Following the same logic and counter-examples, we start by implementing SUBSASGN as follows:
function obj = subsasgn( obj, S, varargin )
if S(1).type(1) == '{'
obj.array = builtin( 'subsasgn', obj.array, S, varargin{:} ) ;
else
obj = builtin( 'subsasgn', obj, S, varargin{:} ) ;
end
end
but it fails for the same reason. Assuming that MyCell objects won't be nested, we can build a two steps approach, where we first SUBSASGN all the indexing chain from element 2 to the end, store it in a temporary variable and then SUBSASGN the first level of indexing (=> applied to the MyCell object). But again, this fails if MyCells objects can be nested. Following the same track as for SUBSREF, we finally build two solutions: the first performs temporary assignments (similar the the temporary refs above):
function obj = subsasgn( obj, S, varargin )
if numel( S ) == 1
if S(1).type(1) == '.' || ~isa( obj, 'MyCell' )
obj = builtin( 'subsasgn', obj, S, varargin{:} ) ;
else
obj.array = builtin( 'subsasgn', obj.array, S, varargin{:} ) ;
end
else
tmp1 = subsref( obj, S(1:end-1) ) ;
tmp1 = subsasgn( tmp1, S(end), varargin{:} ) ;
for k = numel( S ) - 2 : -1 : 1
tmp2 = subsref( obj, S(1:k) ) ;
tmp2 = subsasgn( tmp2, S(k+1), tmp1 ) ;
tmp1 = tmp2 ;
end
end
end
and the second where we work on the S substruct before performing a simple call to BUILTIN:
function obj = subsasgn( obj, S, varargin )
if S(1).type(1) == '.' && strcmp( S(1).subs, 'array' )
Sext(1:2) = S(1:2) ;
k_start = 3 ;
else
Sext(2) = S(1) ;
Sext(1) = substruct( '.', 'array' ) ;
k_start = 2 ;
end
for k = k_start : length( S )
if isa( subsref( obj, S(1:k-1) ), 'MyCell' )
if ~( S(k).type(1) == '.' && strcmp( S(k).subs, 'array' ) )
Sext(end+1) = substruct( '.', 'array' ) ;
end
end
Sext(end+1) = S(k) ;
end
obj = builtin( 'subsasgn', obj, Sext, varargin{:} ) ;
end
The rational for the latter is that indexing nested MyCell objects through their array property is perfectly well supported by built-in mechanisms, so we can extend the S substruct by adding an explicit substruct( '.', 'array' ) entry before each direct {} indexing of a MyCell object.
Yet, both methods are pretty slow because they involve calling SUBSREF in a loop for testing a class at each level of the indexing (and SUBSREF itself involves a loop). This could be slightly improved by looping over occurrences of the {} type of indexing only, but it would not bring much (at least no extra understanding of the internals).
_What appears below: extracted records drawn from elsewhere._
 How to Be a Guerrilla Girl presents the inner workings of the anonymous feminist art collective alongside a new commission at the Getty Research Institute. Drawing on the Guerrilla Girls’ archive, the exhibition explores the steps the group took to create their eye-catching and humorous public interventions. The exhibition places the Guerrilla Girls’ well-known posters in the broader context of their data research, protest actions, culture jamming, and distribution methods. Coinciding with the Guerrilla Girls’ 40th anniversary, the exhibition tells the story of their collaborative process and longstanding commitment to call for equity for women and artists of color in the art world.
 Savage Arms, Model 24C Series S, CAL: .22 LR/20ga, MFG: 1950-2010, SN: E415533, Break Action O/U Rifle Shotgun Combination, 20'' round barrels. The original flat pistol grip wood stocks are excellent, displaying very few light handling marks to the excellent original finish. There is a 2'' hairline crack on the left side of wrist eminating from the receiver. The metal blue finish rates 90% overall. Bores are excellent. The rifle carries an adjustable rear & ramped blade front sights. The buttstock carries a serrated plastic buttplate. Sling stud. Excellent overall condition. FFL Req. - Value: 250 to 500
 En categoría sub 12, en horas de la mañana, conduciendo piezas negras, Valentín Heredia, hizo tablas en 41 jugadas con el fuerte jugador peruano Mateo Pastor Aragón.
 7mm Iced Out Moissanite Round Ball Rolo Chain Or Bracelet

In any case, this is heavy, unsatisfying, and it shows that I still do not understand what happens internally. I would therefore highly appreciate any clarification/insight about my remark/question #2 above!
Best regards,
Cedric
Additional remarks
- For a long time I have been believing that it was an issue with NUMEL (related to the issue mentioned here by Matt). But lately I could solve most of my issues with overloading NUMEL thank to a better doc and a lot of testing. The issue mentioned in this thread is, as far as I am concerned, not related to NUMEL (but to some parsing as mentioned in Q#2).
- The final versions of SUBSREF and SUBSASGN successfully pass my (small) "test suite", so it is "functional" if speed is not critical.
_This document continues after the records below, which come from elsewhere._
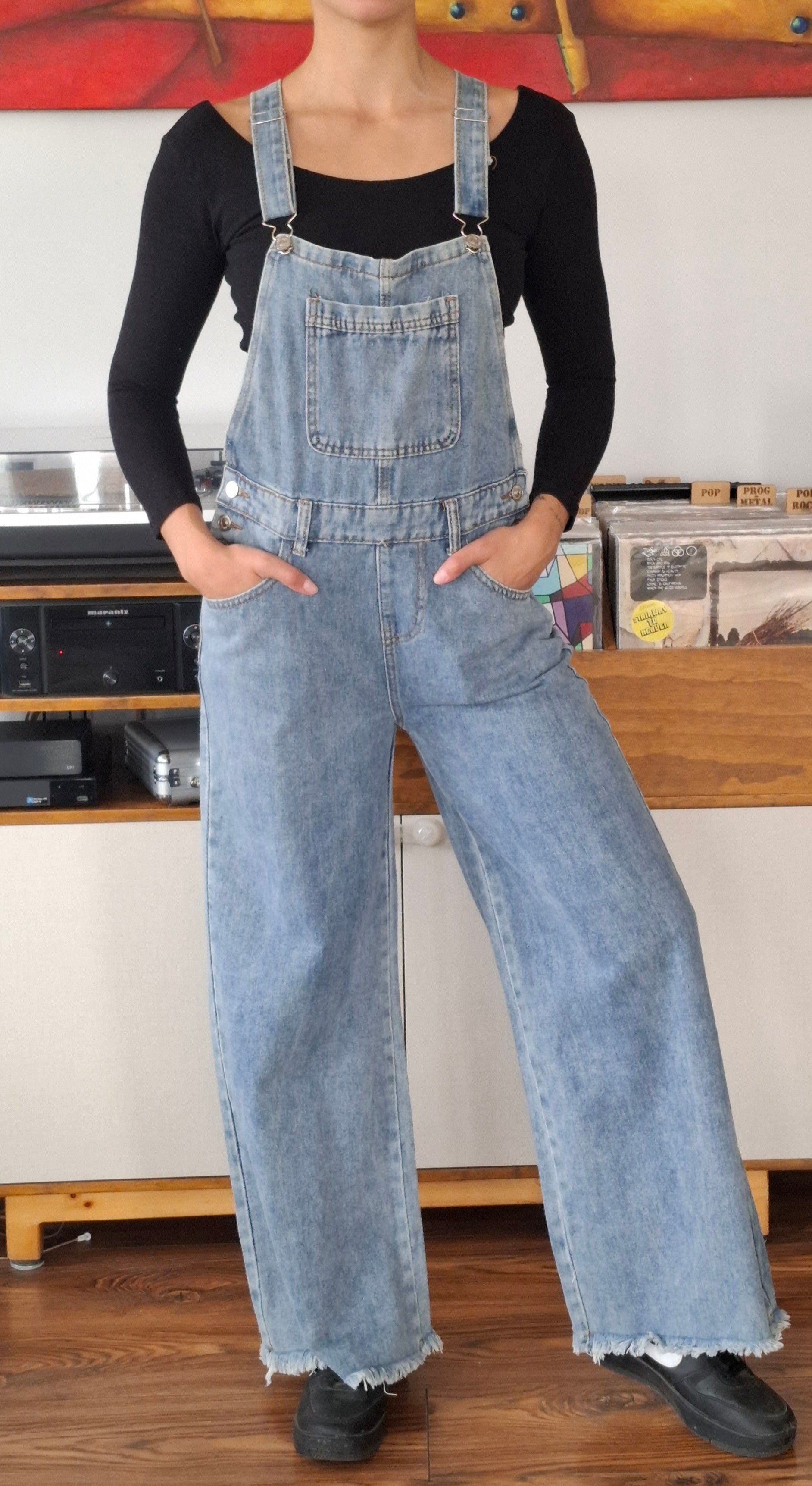 Jardinera de jeans pierna ancha y corte desflecado con tirantes ajustables de la nueva colección 2025 .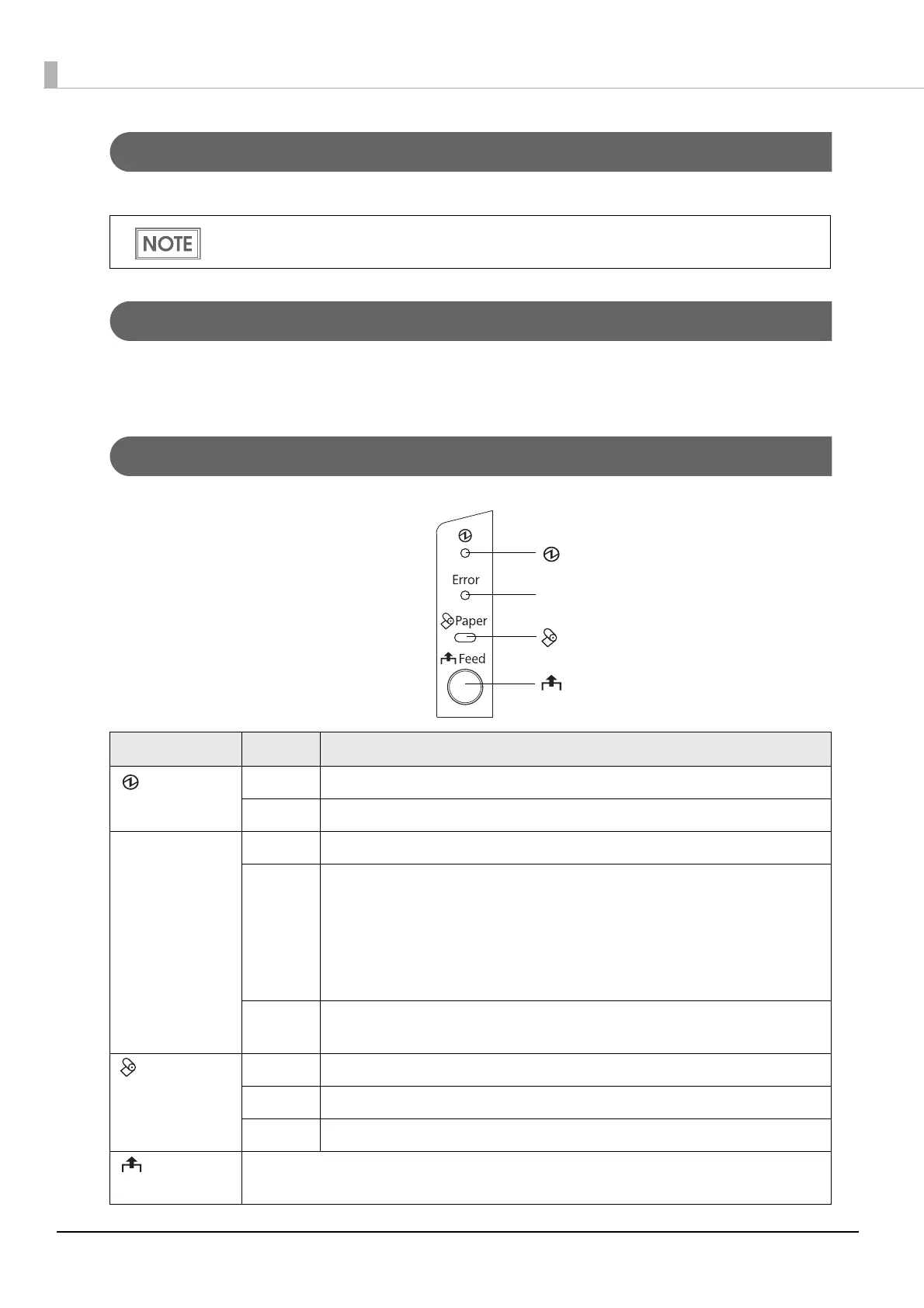 Feed button Pressing this button once feeds the roll paper by one line. Holding this button down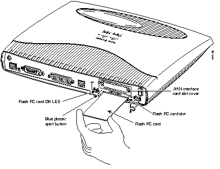 ![]() | Caution Do not remove the Flash PC card while the router is operating. The router cannot operate without the Flash PC card. |

- Speed-wise.. it is slow: when involved at various levels in a rather deep structure, the profiler shows that indexing is ~100-200 times slower than indexing a similar structure made of fundamental classes only.
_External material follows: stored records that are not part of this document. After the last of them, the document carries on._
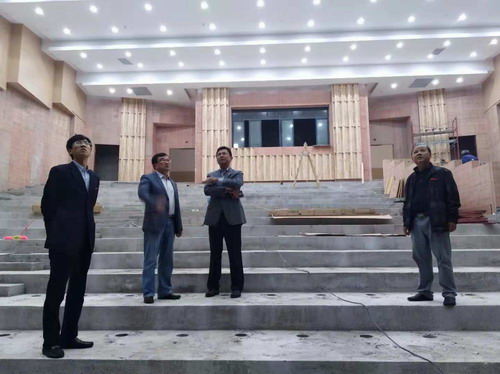 下午,校长刘晓东、副校长查振华在校扶贫点武宁东山村视察工作后一到学校,就来到艺术学院排练厅看望王永吉先生,并观看了王永吉先生为乐团排练情况。刘校长与王先生进行了亲切交流。他代表学校感谢王永吉先生对九江交响乐团建设的鼎力支持和精心指导,并希望交响乐团的老师和同学们要珍惜难得的学习机会,在王先生的悉心指导下,刻苦排演,进一步提高演奏水平,确保九江交响乐团元旦首场音乐会充分体现九江学院的水平、充分体现九江市的水平!之后,刘校长还察看了艺术学院音乐厅的建设情况,要求抓紧时间、加强督促、保证质量,确保教育部专家进校评估前投入使用。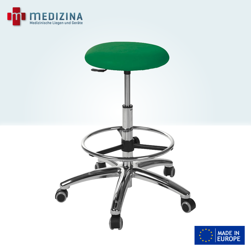 Der Drehhocker hat ein 5-Sternekreuz aus Alumium und einen Rundsitz mit einem Durchmesser von Ø 40 cm, welcher eine maximale Hubkraft von 120 kg ermöglicht. Dieser höhenverstellbare Drehhocker ist ein Hochwertiges Qualitätsprodukt "Made in Europe" & nach der Medizinischenproduktverordnung (EU) 2017/745 (MDR) hergestelt.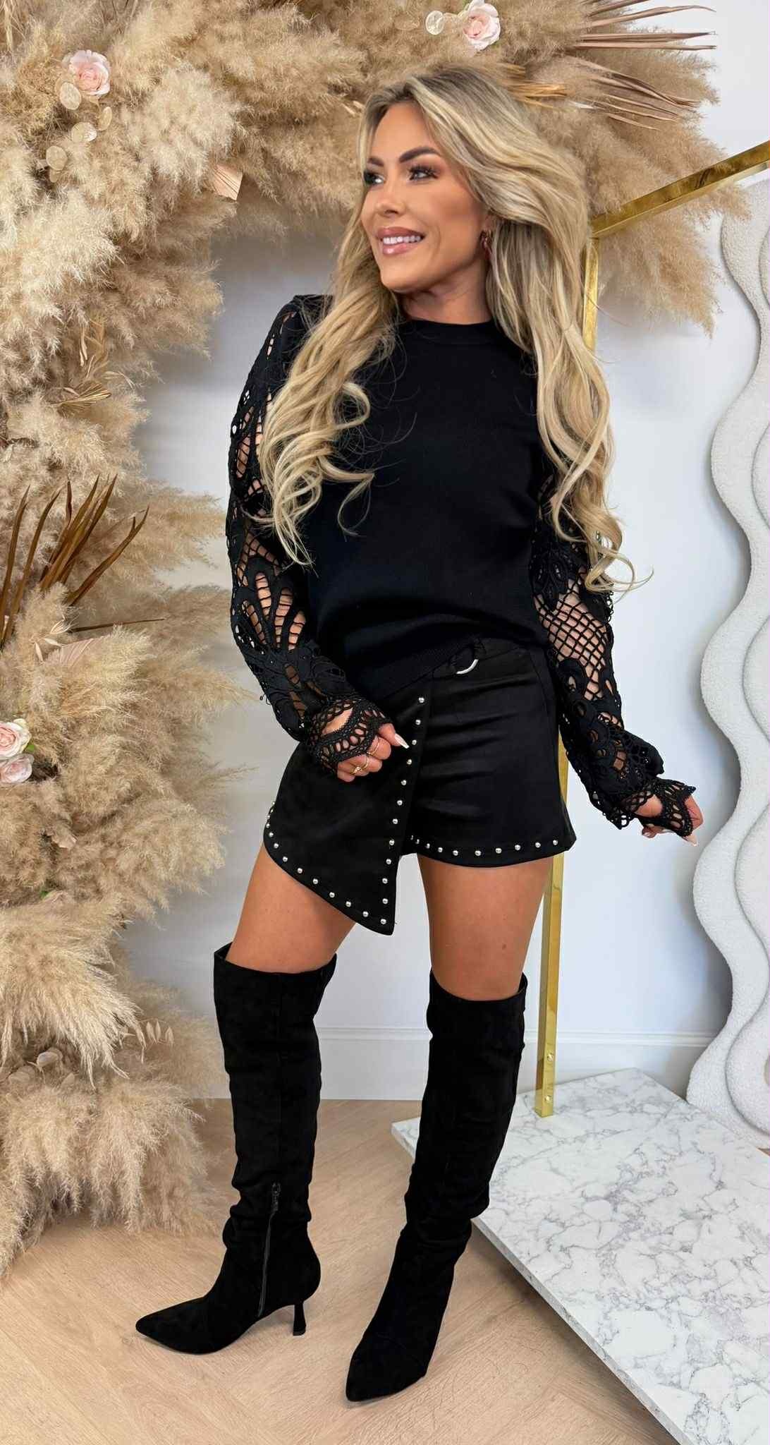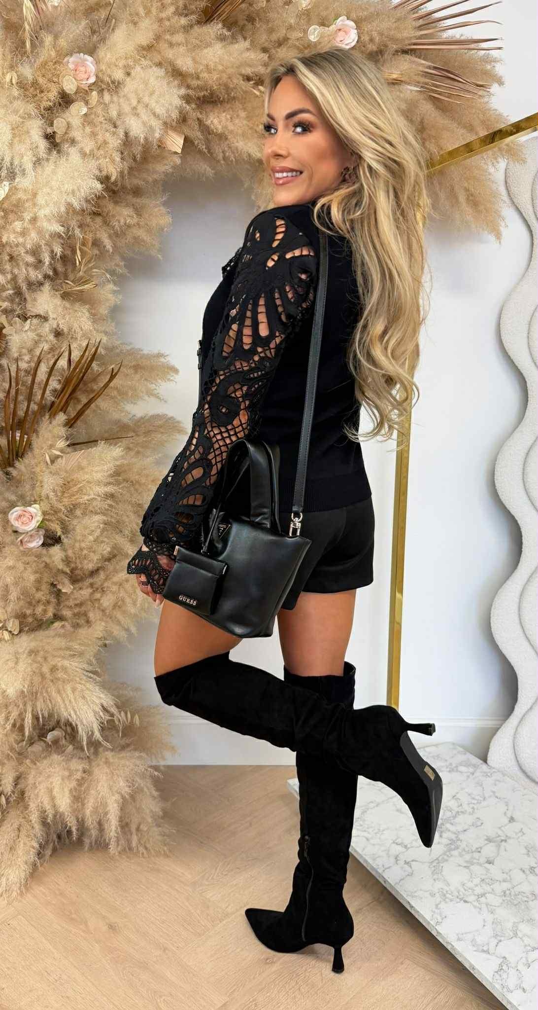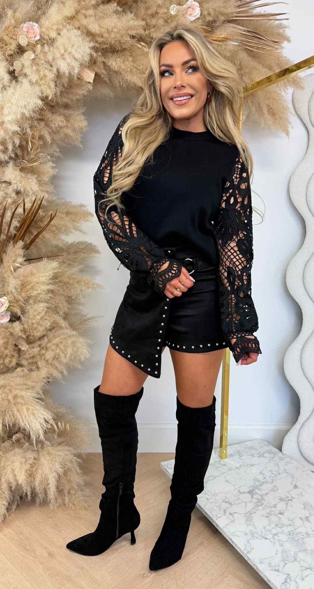 VENESSA LACE SLEEVE SWEAT 6301 BLACK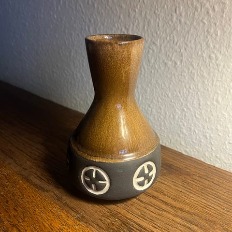 Der er et stykke, nederst på vasen, der er uglaseret, her er ternet mønster.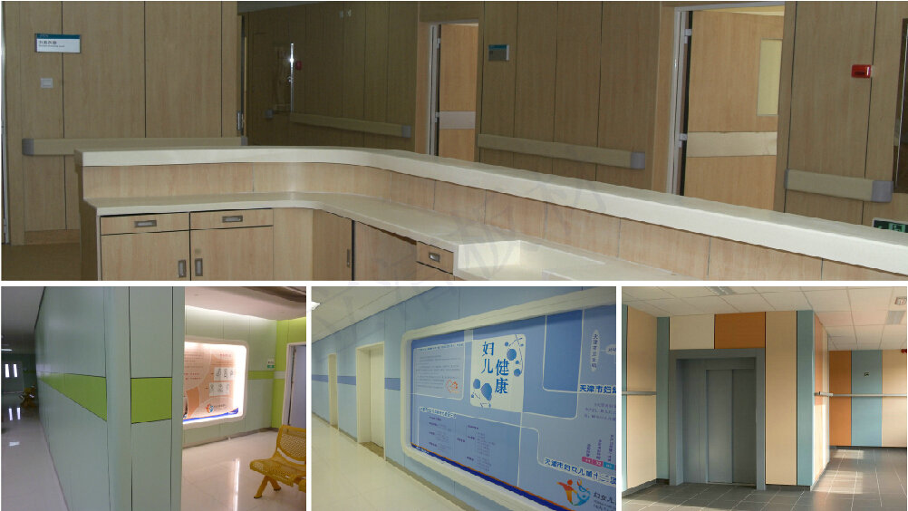掛墻板的應用很廣泛,例如,最常遇見的醫院,快餐店,地鐵站,這些人流密集的地方,都會用到這種材料。掛墻板實則為抗倍特板,但是一般比抗倍特板有著更豐富的特殊優點,是由多層含浸三聚氰胺和酚醛樹脂的牛皮紙經過高溫高壓制成,還可加上表面色紙,使其滿足顏色需求。厚度可以根據需求,從1.6-25mm厚度,可以作為裝飾材料,也可以作為結構材料,及其的耐沖擊的特性。

- While I would still like to understand why we have to implement such a mess when there is a priori no reason for that (if it's parsing, why is it implemented this way?), the approach is suitable for my needs: to implement a user-oriented modeling structure which does not need to be fast as all objects stored in the final structure are instances of sub-classes of the handle class (so the structure store references, and iterative intensive computations are never performed using an indexing through the whole structure).